This is a generic problem with pg_dump. Since it does not quote all column
names, pg_restore may fail whenever migrating to a new version.
Solution: pg_dump should quote *all* column-names, no matter if they are
keywords or not.
"Hartmut Goebel" <h.goebel@goebel-consult.de> wrote:
Description: pg_dump does not quote column names ->
pg_restore may fail when upgrading
If a 8.3 table contains a column named "window", the dump can not
be restored into a 8.4 database. Reasons: a) "window" is a new
keyword in 8.4 b) pg_dump does not quote column names.
Note that the documentation recommends always running pg_dump using
the executable from the target version, not the source version. Are
you using the pg_dump executable from 8.4?
-Kevin
Am 03.06.2010 15:43, schrieb Kevin Grittner:
Note that the documentation recommends always running pg_dump using
the executable from the target version, not the source version. Are
you using the pg_dump executable from 8.4?

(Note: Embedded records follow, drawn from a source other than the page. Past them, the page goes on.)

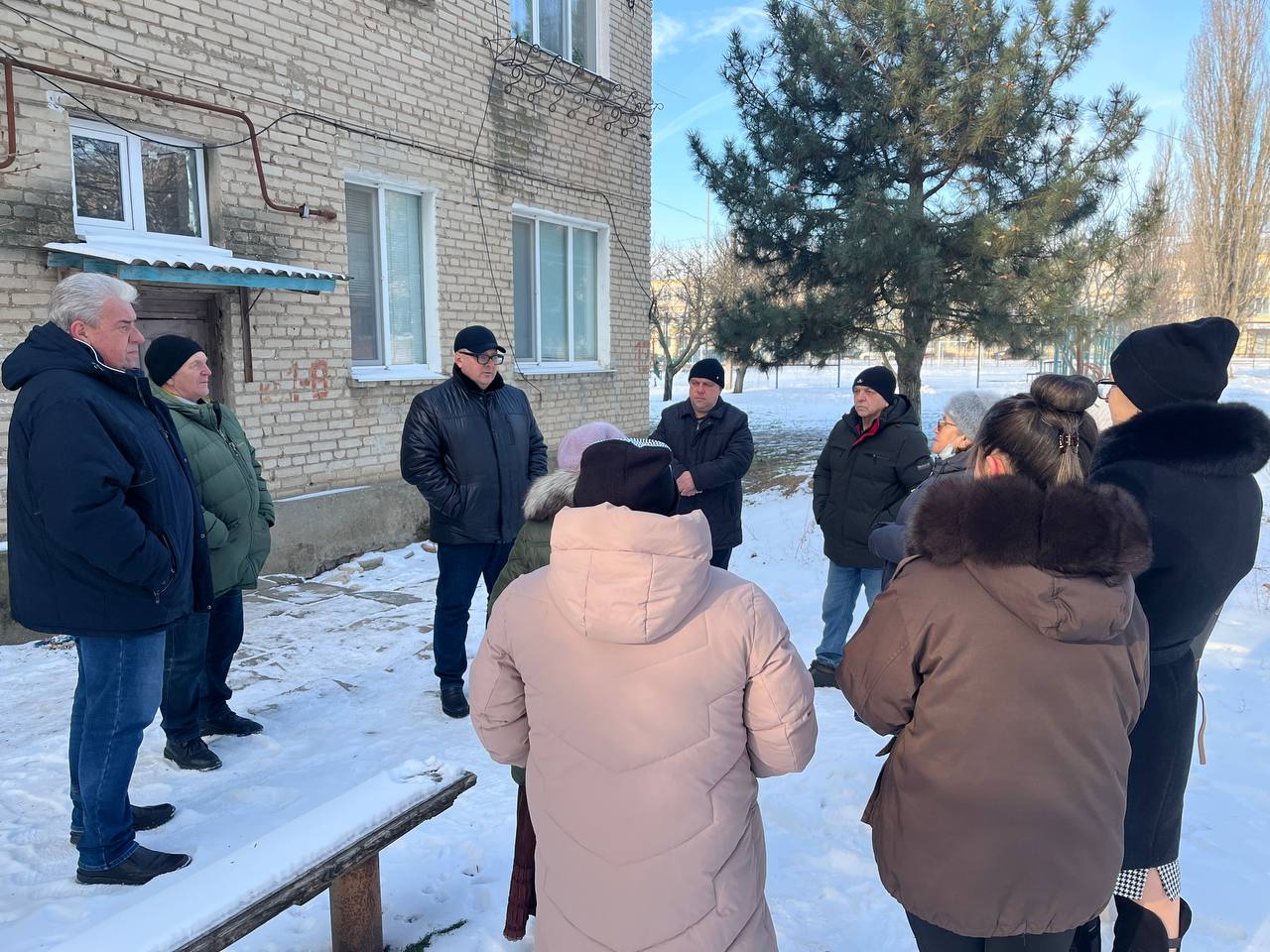 Совместно с председателем Новоазовского муниципального совета Анатолием Яновским, начальником Новоазовского теротдела Александром Баландиным встретился с жителями дома по адресу город Новоазовск, ул. 50 лет СССР, 12.
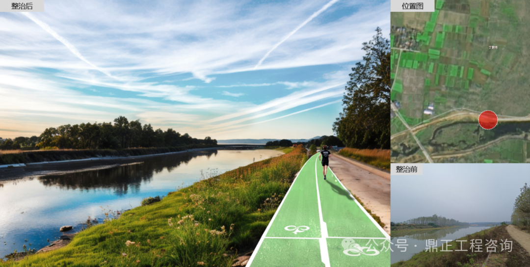 對(duì)雙河村漂水河駁岸進(jìn)行整治,對(duì)水系進(jìn)行清淤(恢復(fù)河床)、清障(疏通河道)、清理垃圾(清潔河道)、保持河道流暢干凈。對(duì)現(xiàn)狀岸邊植物雜灌木清除梳理,局部可增補(bǔ)色葉植物,豐富季相變化。增加濱水休閑步道,打造濱水開(kāi)放空間。
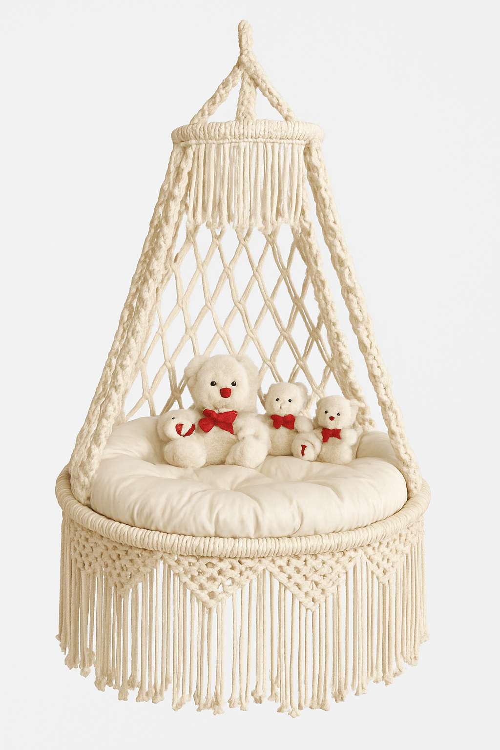 مرجيحة مكرمية عالية الجودة استمتع بأحلى لحظات الراحة والمرح مع مرجيحة مكرمية مصنوعة من خيوط القطن المكرمية ذات الجودة العالية، لضمان المتانة والراحة لأطفالك وعائلتك. المواصفات: - مصنوعة م

I dumped with the executable form 8.3.
8.4 did not allow accessing the 8.3 database, thus I needed to dump
using the 8.3 executable.
--
Schönen Gruß - Regards
Hartmut Goebel
Dipl.-Informatiker (univ.), CISSP, CSSLP
Goebel Consult
Spezialist für IT-Sicherheit in komplexen Umgebungen
http://www.goebel-consult.de
Monatliche Kolumne: http://www.cissp-gefluester.de/
Goebel Consult mit Mitglied bei http://www.7-it.de
Attachments:
"Hartmut Goebel" <h.goebel@goebel-consult.de> writes:
If a 8.3 table contains a column named "window", the dump can not be
restored into a 8.4 database. Reasons: a) "window" is a new keyword in 8.4
b) pg_dump does not quote column names.
This is one of the cases where it's helpful to use the newer version's
pg_dump.
Solution: pg_dump should quote *all* column-names, no matter if they are
keywords or not.
That was considered and rejected long ago. Readability of the dump
script is something that we put a nonzero value on.
regards, tom lane
Hartmut Goebel <h.goebel@goebel-consult.de> wrote:
I dumped with the executable form 8.3.
That's not expected to work for an upgrade to 8.4.

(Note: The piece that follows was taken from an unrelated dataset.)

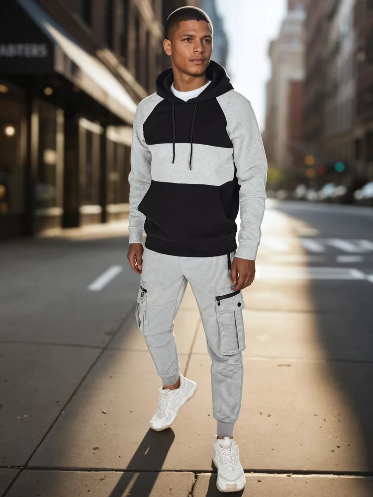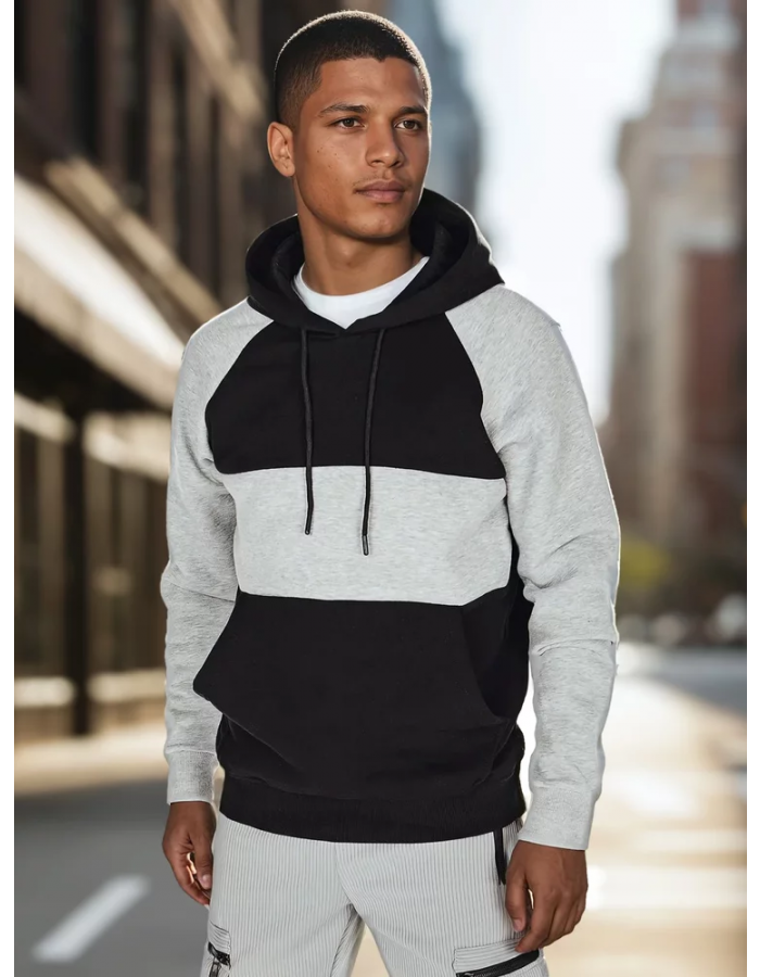 Bluza męska z kapturem w casualowym stylu, idealna na co dzień. Miękki materiał zapewnia wygodę, a modny design z kolorowymi panelami nadaje jej nowoczesnego charakteru. Kieszeń kangurka to modne rozwiązanie, a regulowany kaptur pozwala dostosować styl do pogody. Doskonała do jeansów i sportowych butów.

8.4 did not allow accessing the 8.3 database
What do you mean? (What did you try and what happened?)
-Kevin
Am 03.06.2010 16:16, schrieb Kevin Grittner:
8.4 did not allow accessing the 8.3 database
What do you mean? (What did you try and what happened?)
If upgraded the rpm-packages from 8.3 to 8.4. Then postgres failed
starting (something like "Database version mismatch"). So I downgraded
to 8.3, pg_dump'ed there, upgraded and pg_restore'd.
Since 8.4 was not willed to work in the 8.3 database files, I expected
this being a correct upgrade path.
--
Schönen Gruß - Regards
Hartmut Goebel
Attachments:
Hartmut Goebel <h.goebel@goebel-consult.de> wrote:
If upgraded the rpm-packages from 8.3 to 8.4. Then postgres failed
starting (something like "Database version mismatch").
You need to be running the old server using 8.3 software and while
using pg_dump from 8.4 software. Does your packager provide some
way to install the new version at a different location? If not, is
there a separate machine on which you could install 8.4?
-Kevin
"Kevin Grittner" <Kevin.Grittner@wicourts.gov> writes:
Hartmut Goebel <h.goebel@goebel-consult.de> wrote:
If upgraded the rpm-packages from 8.3 to 8.4. Then postgres failed
starting (something like "Database version mismatch").
You need to be running the old server using 8.3 software and while
using pg_dump from 8.4 software. Does your packager provide some
way to install the new version at a different location? If not, is
there a separate machine on which you could install 8.4?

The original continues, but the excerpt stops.